Sur la régularité du jugement attaqué :
2. Si l'appelant soutient que les premiers juges ont dénaturé les faits et commis diverses erreurs de droit ou de qualification juridique dans leur réponse apportée aux moyens soulevés, de tels moyens ne relèvent pas de la régularité du jugement mais de son bien-fondé.
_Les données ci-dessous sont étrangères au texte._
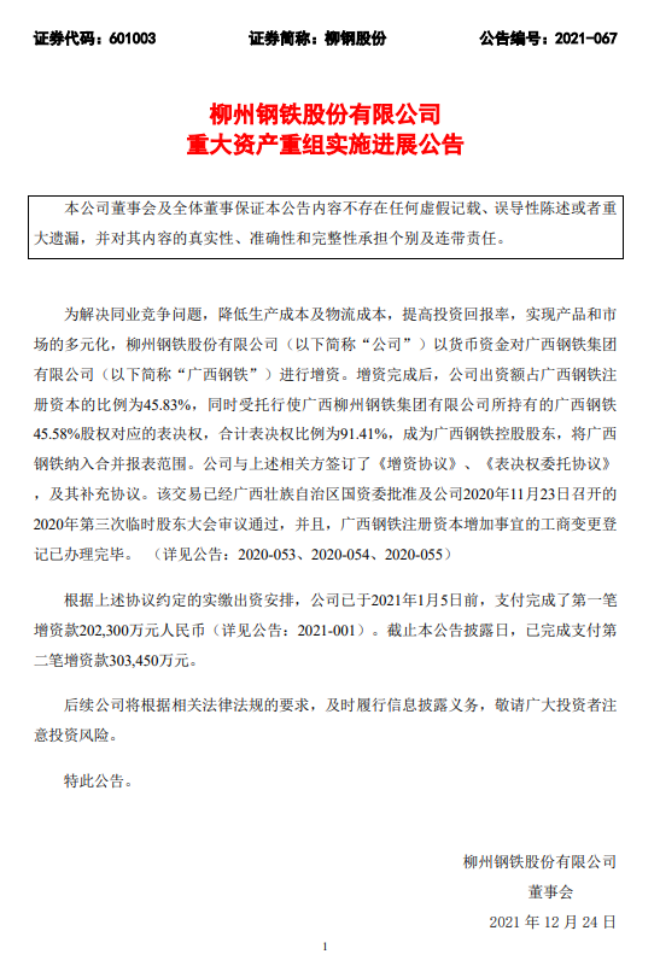 12月24日,柳州鋼鐵股份有限公司發布了《柳州鋼鐵股份有限公司 重大資產重組實施進展公告》(以下簡稱《公告》)。

Les moyens tirés de prétendues irrégularités du jugement attaqué ne peuvent, dès lors, qu'être écartés.
Sur la régularité de la procédure d'imposition :
3. Aux termes de l'article L. 76 B du livre des procédures fiscales : " L'administration est tenue d'informer le contribuable de la teneur et de l'origine des renseignements et documents obtenus de tiers sur lesquels elle s'est fondée pour établir l'imposition faisant l'objet de la proposition prévue au premier alinéa de l'article L. 57 ou de la notification prévue à l'article L. 76. Elle communique, avant la mise en recouvrement, une copie des documents susmentionnés au contribuable qui en fait la demande. ".
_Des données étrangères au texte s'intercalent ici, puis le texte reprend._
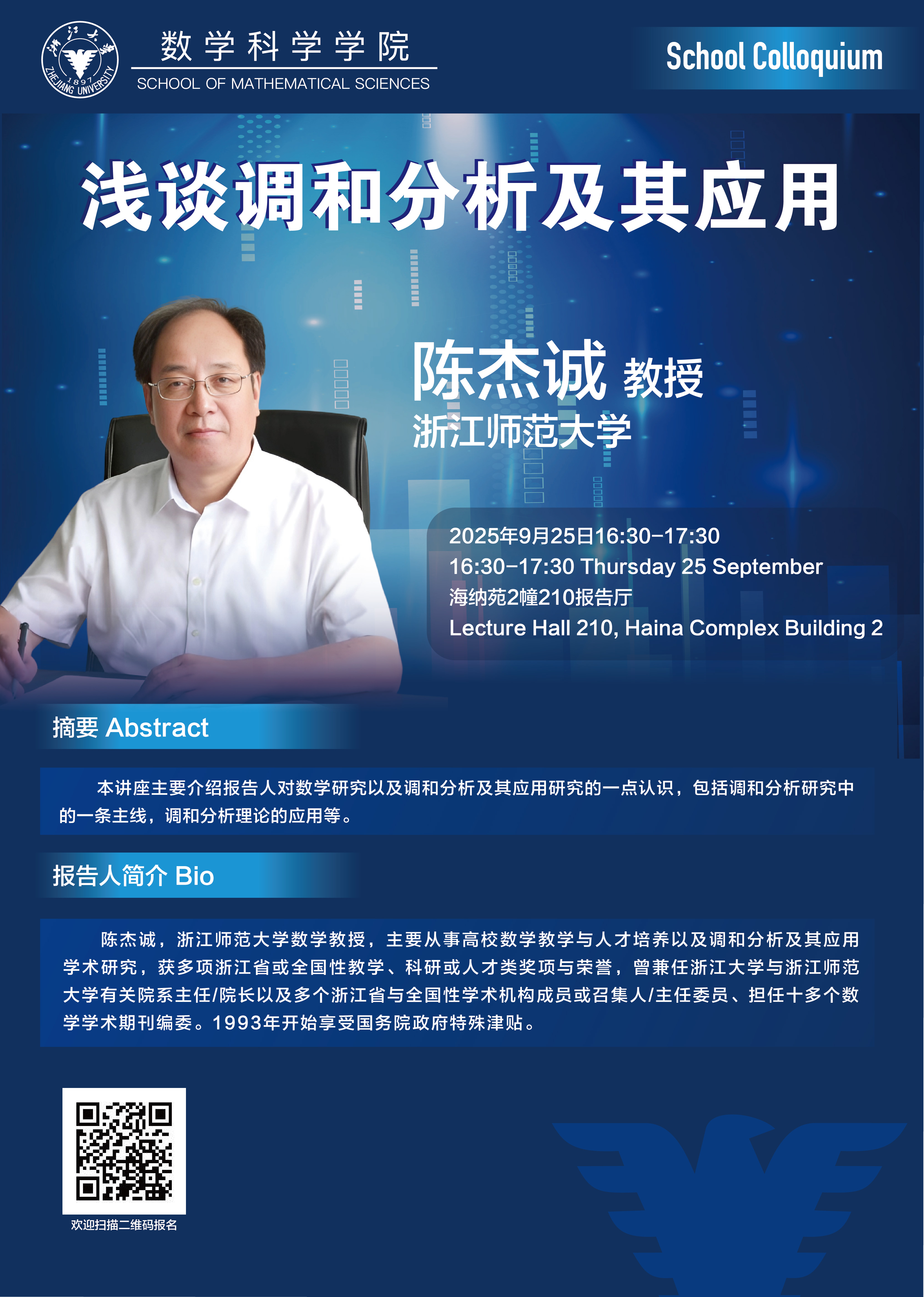 【数学学院】陈杰诚:浅谈调和分析及其应用

4. Il résulte de ces dispositions qu'il incombe à l'administration, quelle que soit la procédure d'imposition mise en œuvre, et au plus tard avant la mise en recouvrement, d'informer le contribuable dont elle envisage soit de rehausser, soit d'arrêter d'office les bases d'imposition, de l'origine et de la teneur des documents et renseignements obtenus auprès de tiers, qu'elle a utilisés pour fonder les impositions, avec une précision suffisante pour mettre à même l'intéressé d'y avoir accès avant la mise en recouvrement des impositions qui en procèdent. Lorsque le contribuable lui en fait la demande, l'administration est, en principe, tenue de lui communiquer, alors même qu'il en aurait eu connaissance, les renseignements, documents ou copies de documents obtenus auprès de tiers qui lui sont opposés, afin de lui permettre d'en vérifier l'authenticité ou d'en discuter la teneur ou la portée. Il en va autrement s'agissant des documents et renseignements qui, à la date de la demande de communication, sont directement et effectivement accessibles au contribuable dans les mêmes conditions qu'à l'administration. Dans cette dernière hypothèse, si le contribuable établit qu'il ne peut avoir effectivement accès aux mêmes documents et renseignements que ceux détenus par l'administration, celle-ci est alors tenue de les lui communiquer.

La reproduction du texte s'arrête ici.